WHAT YOU NEED TO DO:
Within the records below, repeat each line exactly but keep every picture out of the copy.

****************

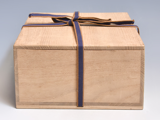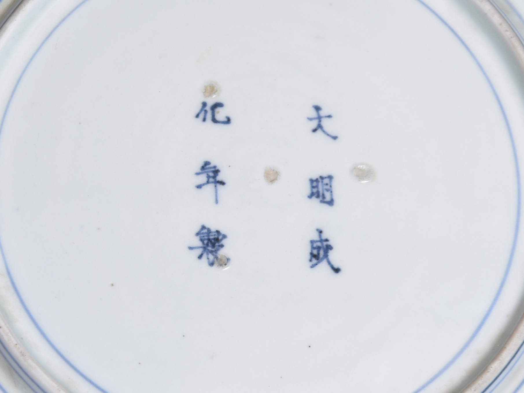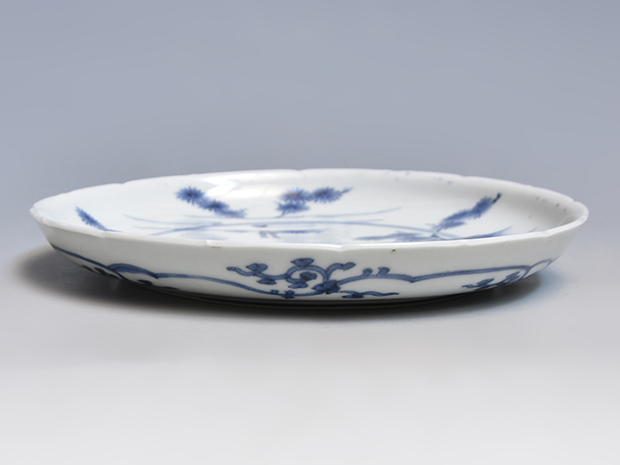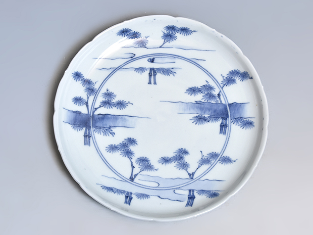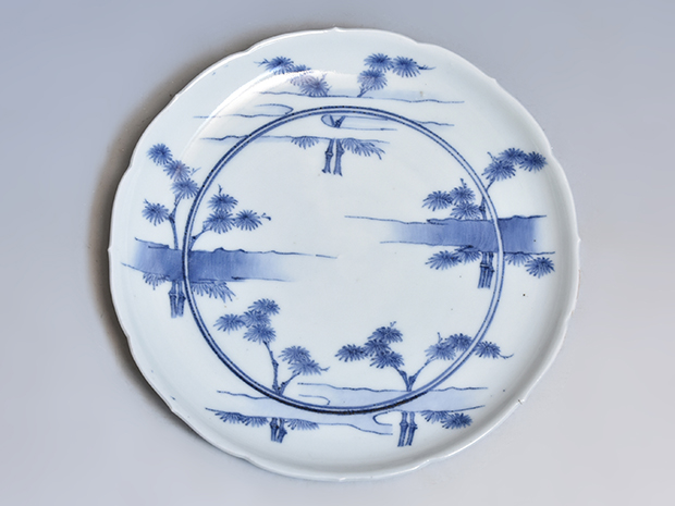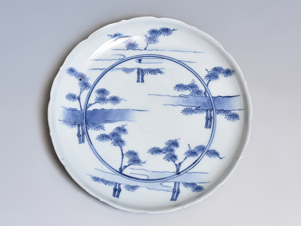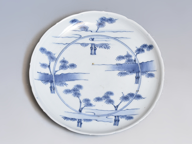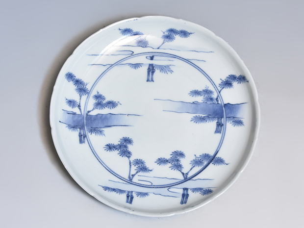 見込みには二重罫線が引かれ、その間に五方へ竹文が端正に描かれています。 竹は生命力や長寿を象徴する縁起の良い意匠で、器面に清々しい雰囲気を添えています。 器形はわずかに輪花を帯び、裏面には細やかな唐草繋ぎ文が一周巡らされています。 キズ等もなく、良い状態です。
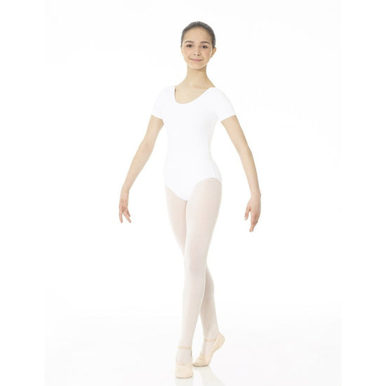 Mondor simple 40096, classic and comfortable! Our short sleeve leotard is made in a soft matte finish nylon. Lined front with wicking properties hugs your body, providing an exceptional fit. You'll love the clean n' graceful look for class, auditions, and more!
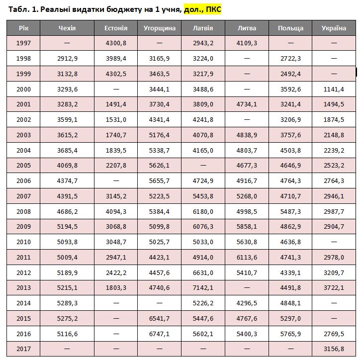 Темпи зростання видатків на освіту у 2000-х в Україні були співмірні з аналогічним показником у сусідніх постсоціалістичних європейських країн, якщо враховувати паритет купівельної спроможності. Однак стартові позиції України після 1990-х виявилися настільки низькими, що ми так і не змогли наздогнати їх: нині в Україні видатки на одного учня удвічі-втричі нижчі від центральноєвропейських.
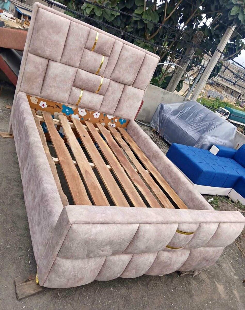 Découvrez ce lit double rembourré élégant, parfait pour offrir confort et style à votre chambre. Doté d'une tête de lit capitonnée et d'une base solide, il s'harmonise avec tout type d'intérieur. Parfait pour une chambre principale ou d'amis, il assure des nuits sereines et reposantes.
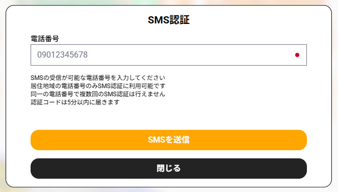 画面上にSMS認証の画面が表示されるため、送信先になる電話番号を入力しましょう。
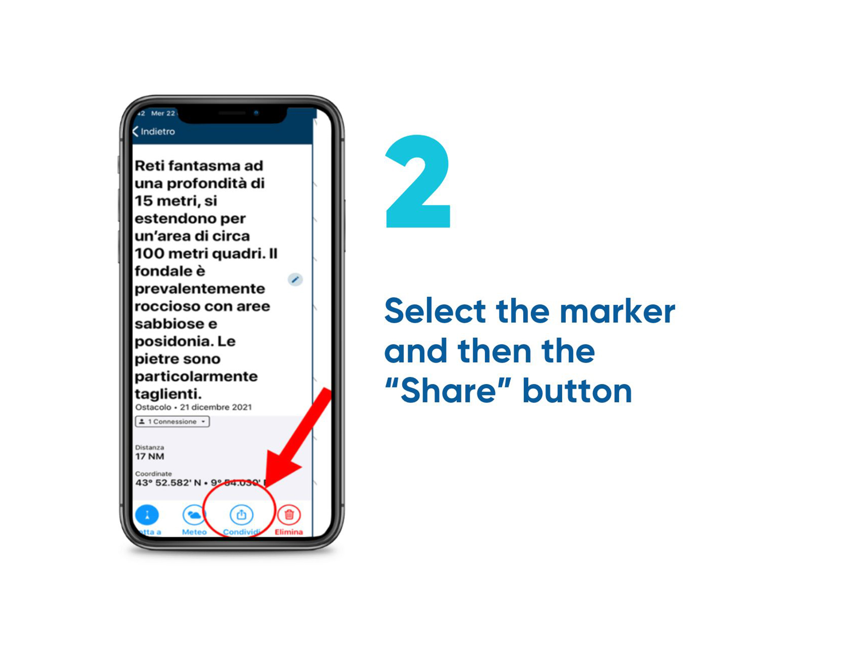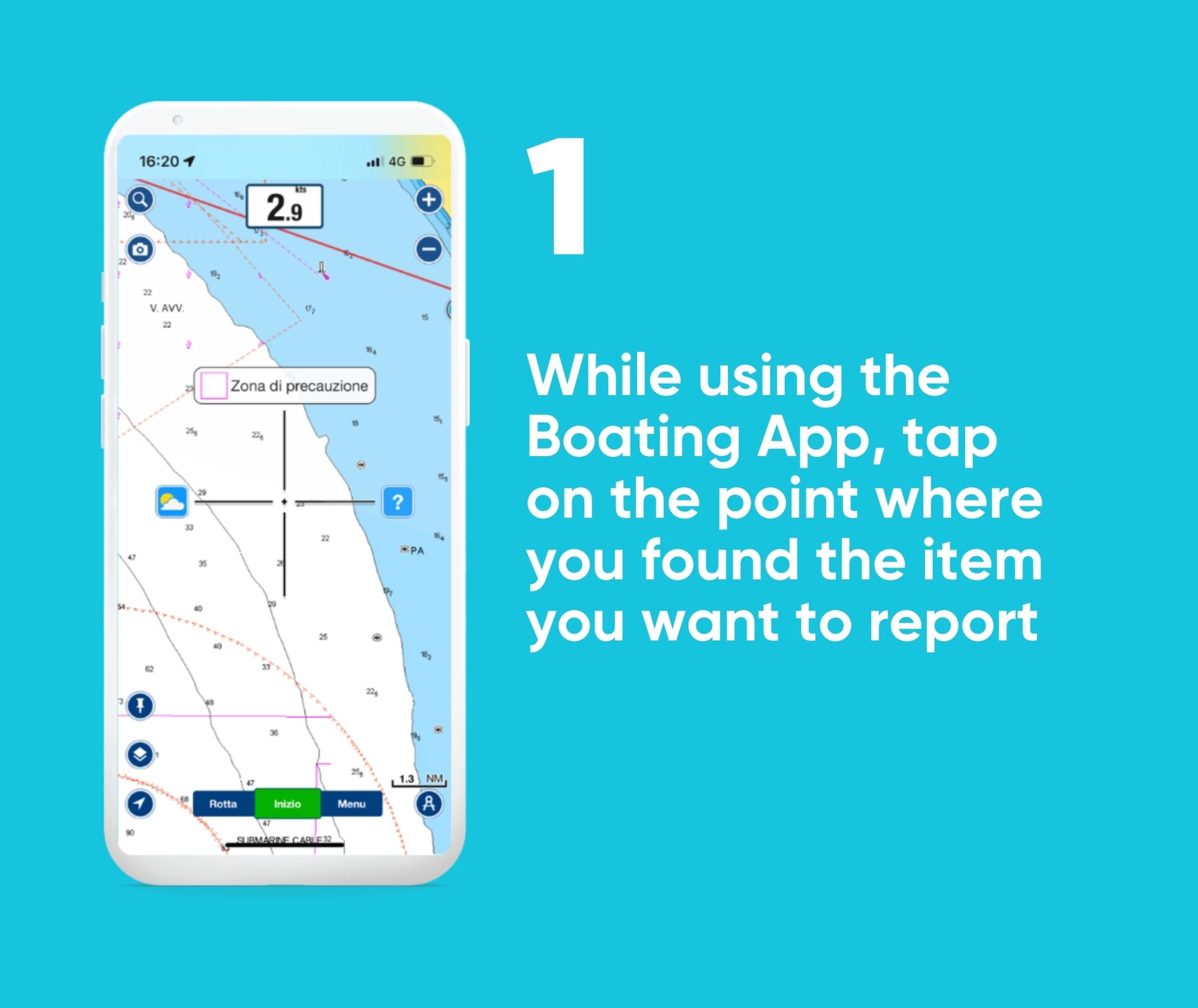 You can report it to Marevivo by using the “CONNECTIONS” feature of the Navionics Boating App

****************

SOLUTION FOR THIS PROBLEM:
 見込みには二重罫線が引かれ、その間に五方へ竹文が端正に描かれています。 竹は生命力や長寿を象徴する縁起の良い意匠で、器面に清々しい雰囲気を添えています。 器形はわずかに輪花を帯び、裏面には細やかな唐草繋ぎ文が一周巡らされています。 キズ等もなく、良い状態です。
 Mondor simple 40096, classic and comfortable! Our short sleeve leotard is made in a soft matte finish nylon. Lined front with wicking properties hugs your body, providing an exceptional fit. You'll love the clean n' graceful look for class, auditions, and more!
 Темпи зростання видатків на освіту у 2000-х в Україні були співмірні з аналогічним показником у сусідніх постсоціалістичних європейських країн, якщо враховувати паритет купівельної спроможності. Однак стартові позиції України після 1990-х виявилися настільки низькими, що ми так і не змогли наздогнати їх: нині в Україні видатки на одного учня удвічі-втричі нижчі від центральноєвропейських.
 Découvrez ce lit double rembourré élégant, parfait pour offrir confort et style à votre chambre. Doté d'une tête de lit capitonnée et d'une base solide, il s'harmonise avec tout type d'intérieur. Parfait pour une chambre principale ou d'amis, il assure des nuits sereines et reposantes.
 画面上にSMS認証の画面が表示されるため、送信先になる電話番号を入力しましょう。
 You can report it to Marevivo by using the “CONNECTIONS” feature of the Navionics Boating App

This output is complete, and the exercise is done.